# WinRar-no arhives found in selected files and folders



## Dacads (Aug 10, 2008)

well when I open up WinRar and try and extract something it comes up with this little box saying no arhives found in selected files and folders
Here is a picture 









Could this be related to files in temp folder which is in local settings folder?
Because I deleted all the files inside the temp folder.
And don't get confused with temporary internet files.
I mean C:\Documents and Settings\[user]\Local Settings/Temp

Anyway help would be appreciated on this problem:grin:

-Dacads


----------



## Coolfreak (May 27, 2008)

How are you trying to extract it? I've used WinRAR before, and once you have the compressed folder shown (like you have pictured) just drag and drop the contents into another folder.


----------



## Dacads (Aug 10, 2008)

it ain't a compressed folder, when I download a .RAR I can open it up and extract without any problems but I tried going into lots of different folders and tried extracting but it comes up with that no archives found in selected files and folders error.
So it seems the problem is with exisiting files that I haven't downloaded recently.


----------



## Coolfreak (May 27, 2008)

What do you mean 'lots of different folders'?

For the record, a .rar file is compressed. .

Also, if you are going into just regular folders, why are you using WinRAR? Windows Explorer can do that. .

Maybe I am missing something. . Sorry if I am.


----------



## Dacads (Aug 10, 2008)

nono I'm not using WinRar to browse folders..

I'm just saying I tried extracting different files and for all of 'em it doesn't work it just comes up with that error i've mentioned in the 1st post.

I just need help on how to fix the problem!.
Even when I use Flasget(download manager) to down .rar files and it automatically fails for some reason :S

So it seems there is something wrong with WinRar but i'm not sure what


----------



## Coolfreak (May 27, 2008)

Dacads said:


> it ain't a compressed folder, when I download a .RAR I can open it up and extract without any problems but I tried going into lots of different folders and tried extracting but it comes up with that no archives found in selected files and folders error.
> So it seems the problem is with exisiting files that I haven't downloaded recently.


There you said you can download .rar files and extract them without any problems.

Now you can't?

I'm really sorry, but I am confused.

Also, I noticed in your picture you are in the shared folder. . . If I remember correctly, the Shared folder is _not_ compressed. Meaning, you shouldn't be using WinRAR to get to those files.


----------



## Dacads (Aug 10, 2008)

aha I understand why you are confused now, sorry about that.
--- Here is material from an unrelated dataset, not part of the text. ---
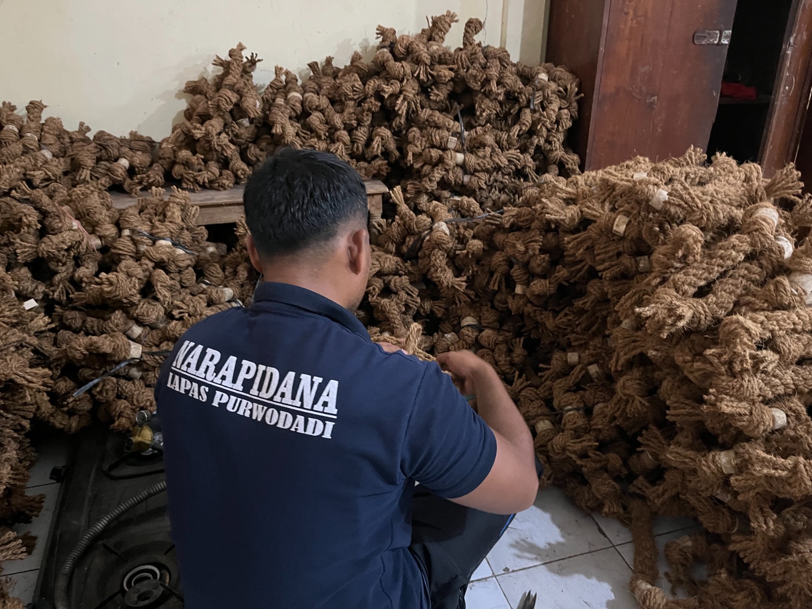 Hal tersebut diwujudkan dalam karya nyata melalui kerja sama dengan PT Chewy Louis, Lapas Purwodadi mengembangkan produksi kerajinan mainan hewan dari sabut kelapa (cocorope).

The problem is when I download .RAR's on my download manager it doesn't work for some reason :S
It comes up with that error mentioned in 1st post.
I even tried another download manager and it comes up with same error.
But when I use Internet buil-in downloader it works fine :S

I'm still sure WinRar is problem though


----------



## mack1 (Nov 27, 2007)

Hi Dacads,

Just a thought. Could it be that the files are simply MP3 as indicated in the WinRar pic you posted. Since MP3 is a compressed audio file, it would be pointless for anyone to try to compress them more before downloading them to your computer. If you would drag the Name column over far enough to see the file extension, it might show .mp3. The Type column says it's an MP3 Format Sound File. 

When you find one that will uncompress, what is in the Type column?

Best regrads,
Mack1


----------



## Coolfreak (May 27, 2008)

Okay, lets say you download a .rar using a download manager to the desktop. Then you double-click on it, does it open at all?


----------